# The task
With the exception of the pictures, transcribe the entire listing exactly.

# Collected data
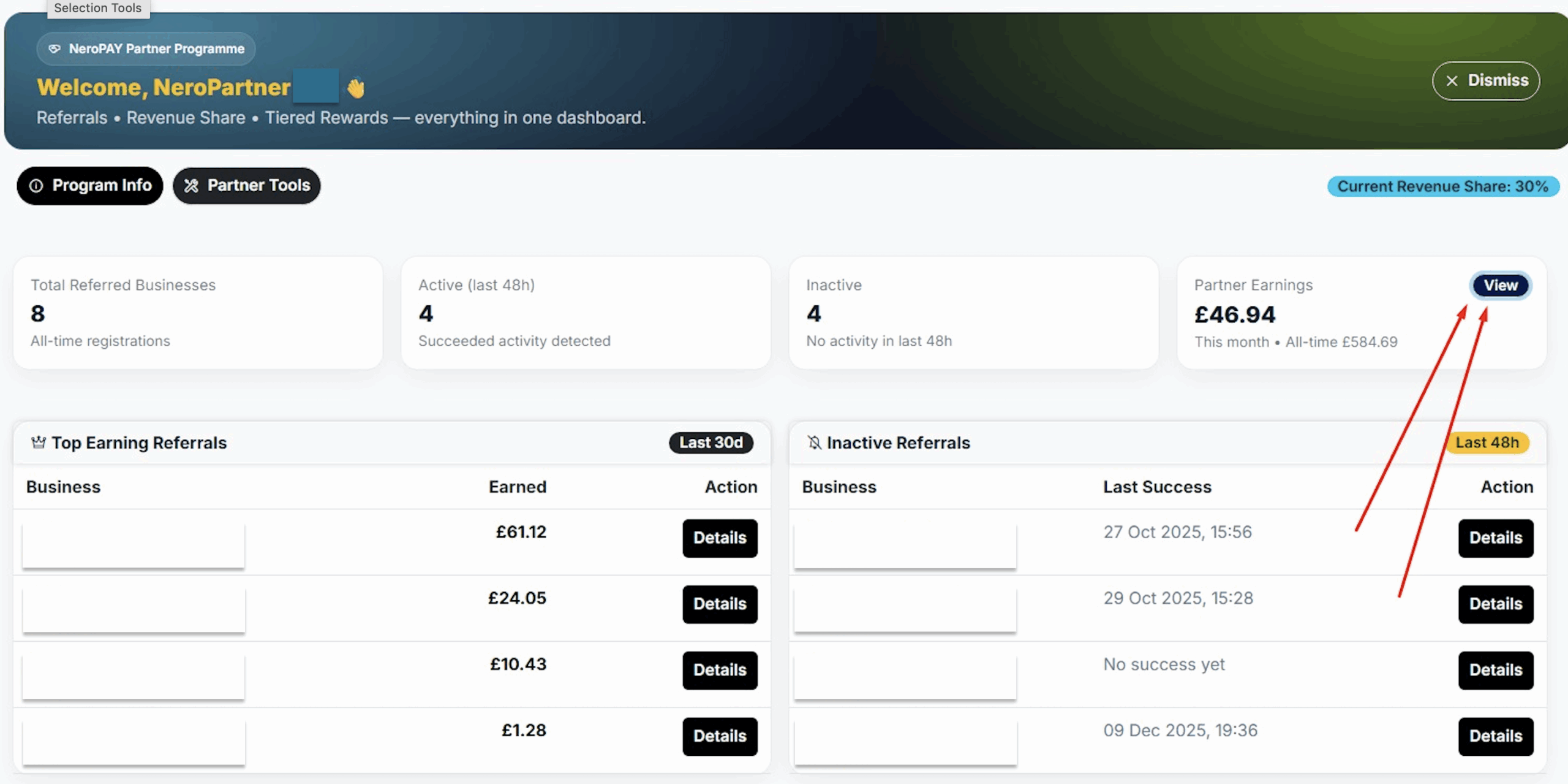 This document explains how to read the Partner Dashboard and understand earnings, statuses, and metrics.
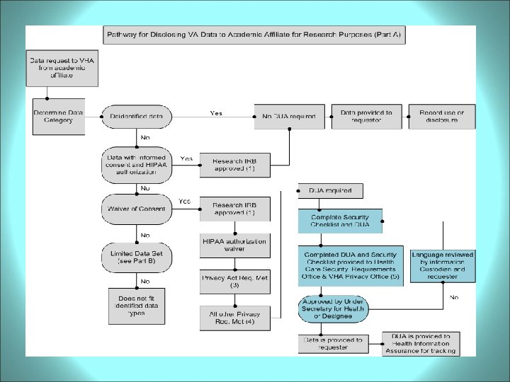 Privacy Take Away 1. VHA must still have the legal authority under – Privacy Act; – HIPAA Privacy Rule; – 38 USC 5701; and – 38 UUSC 7332, if applicable to make the disclosure of VA data to the Academic Affiliate. 2. VHA must still account for the disclosure.
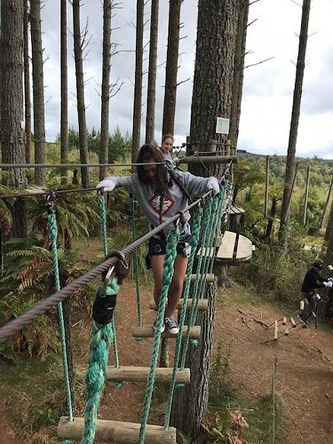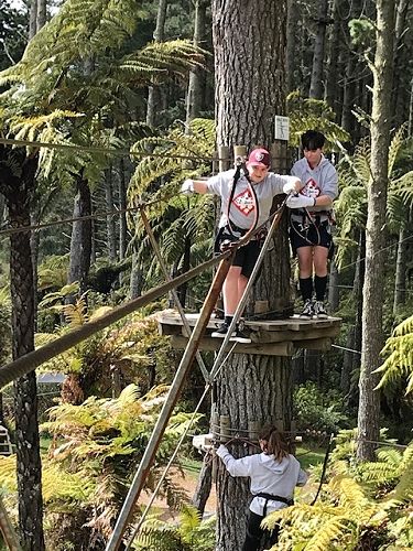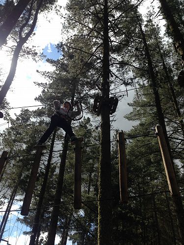 On Wednesday, we went to the Adrenalin Forest. Adrenalin Forest is a multi-level aerial obstacle course, built up into the treetops. We were kitted out with harnesses, went through the safety briefing to learn how the clip system worked, and started to climb. It’s all based on ‘Challenge by Choice’, so we all tested our boundaries to see how far we could challenge ourselves.

# Written answer
 This document explains how to read the Partner Dashboard and understand earnings, statuses, and metrics.
 Privacy Take Away 1. VHA must still have the legal authority under – Privacy Act; – HIPAA Privacy Rule; – 38 USC 5701; and – 38 UUSC 7332, if applicable to make the disclosure of VA data to the Academic Affiliate. 2. VHA must still account for the disclosure.
 On Wednesday, we went to the Adrenalin Forest. Adrenalin Forest is a multi-level aerial obstacle course, built up into the treetops. We were kitted out with harnesses, went through the safety briefing to learn how the clip system worked, and started to climb. It’s all based on ‘Challenge by Choice’, so we all tested our boundaries to see how far we could challenge ourselves.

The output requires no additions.